Return the listing in full and exactly, but without a single picture.

— SUPPLIED INFORMATION —
[Start of Attachment]

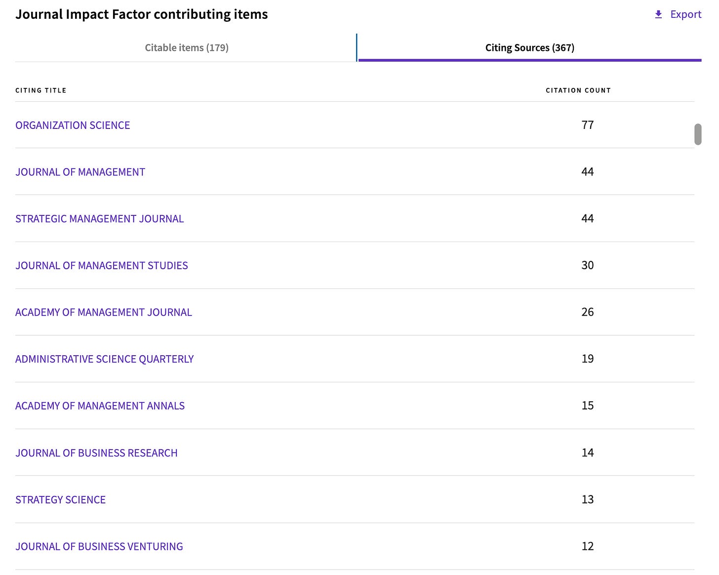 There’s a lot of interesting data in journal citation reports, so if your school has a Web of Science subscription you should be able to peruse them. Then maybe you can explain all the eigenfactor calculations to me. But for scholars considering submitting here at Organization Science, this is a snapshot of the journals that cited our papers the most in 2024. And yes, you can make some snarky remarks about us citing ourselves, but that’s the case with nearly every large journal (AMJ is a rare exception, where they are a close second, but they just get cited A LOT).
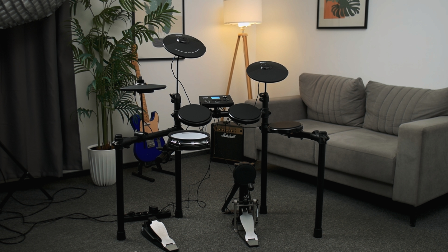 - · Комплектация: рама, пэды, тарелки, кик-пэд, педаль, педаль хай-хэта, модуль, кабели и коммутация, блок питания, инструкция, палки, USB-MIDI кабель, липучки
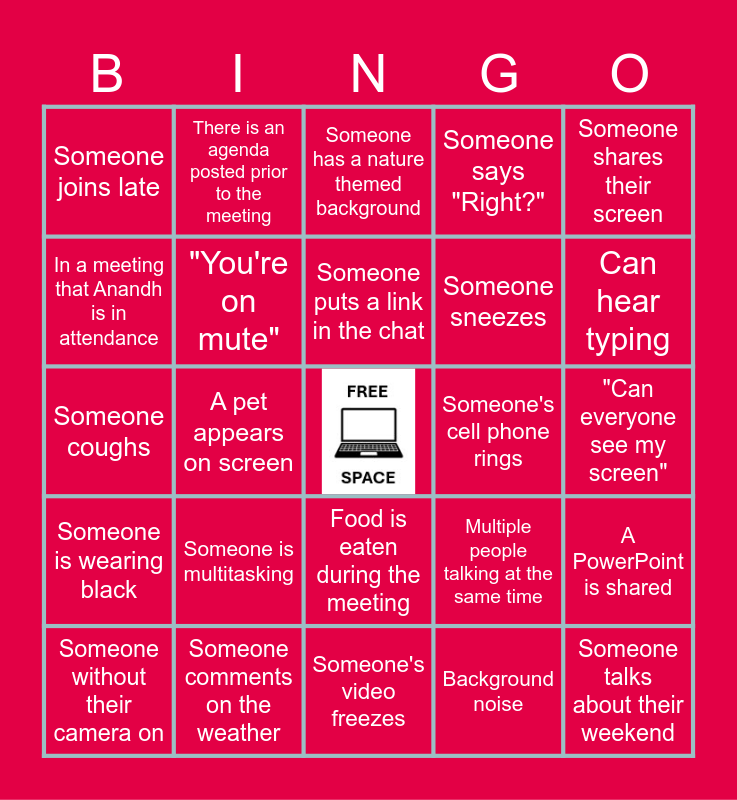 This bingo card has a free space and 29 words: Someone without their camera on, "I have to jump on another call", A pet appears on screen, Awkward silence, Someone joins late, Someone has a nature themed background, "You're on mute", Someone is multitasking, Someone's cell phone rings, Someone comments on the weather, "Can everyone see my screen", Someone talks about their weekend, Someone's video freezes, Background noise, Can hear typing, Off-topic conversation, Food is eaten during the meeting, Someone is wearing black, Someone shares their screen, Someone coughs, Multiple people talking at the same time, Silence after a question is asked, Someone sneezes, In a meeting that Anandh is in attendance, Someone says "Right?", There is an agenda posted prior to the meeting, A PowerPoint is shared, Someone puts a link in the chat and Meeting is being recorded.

[End of Attachment]

— TASK RESPONSE —
 There’s a lot of interesting data in journal citation reports, so if your school has a Web of Science subscription you should be able to peruse them. Then maybe you can explain all the eigenfactor calculations to me. But for scholars considering submitting here at Organization Science, this is a snapshot of the journals that cited our papers the most in 2024. And yes, you can make some snarky remarks about us citing ourselves, but that’s the case with nearly every large journal (AMJ is a rare exception, where they are a close second, but they just get cited A LOT).
 - · Комплектация: рама, пэды, тарелки, кик-пэд, педаль, педаль хай-хэта, модуль, кабели и коммутация, блок питания, инструкция, палки, USB-MIDI кабель, липучки
 This bingo card has a free space and 29 words: Someone without their camera on, "I have to jump on another call", A pet appears on screen, Awkward silence, Someone joins late, Someone has a nature themed background, "You're on mute", Someone is multitasking, Someone's cell phone rings, Someone comments on the weather, "Can everyone see my screen", Someone talks about their weekend, Someone's video freezes, Background noise, Can hear typing, Off-topic conversation, Food is eaten during the meeting, Someone is wearing black, Someone shares their screen, Someone coughs, Multiple people talking at the same time, Silence after a question is asked, Someone sneezes, In a meeting that Anandh is in attendance, Someone says "Right?", There is an agenda posted prior to the meeting, A PowerPoint is shared, Someone puts a link in the chat and Meeting is being recorded.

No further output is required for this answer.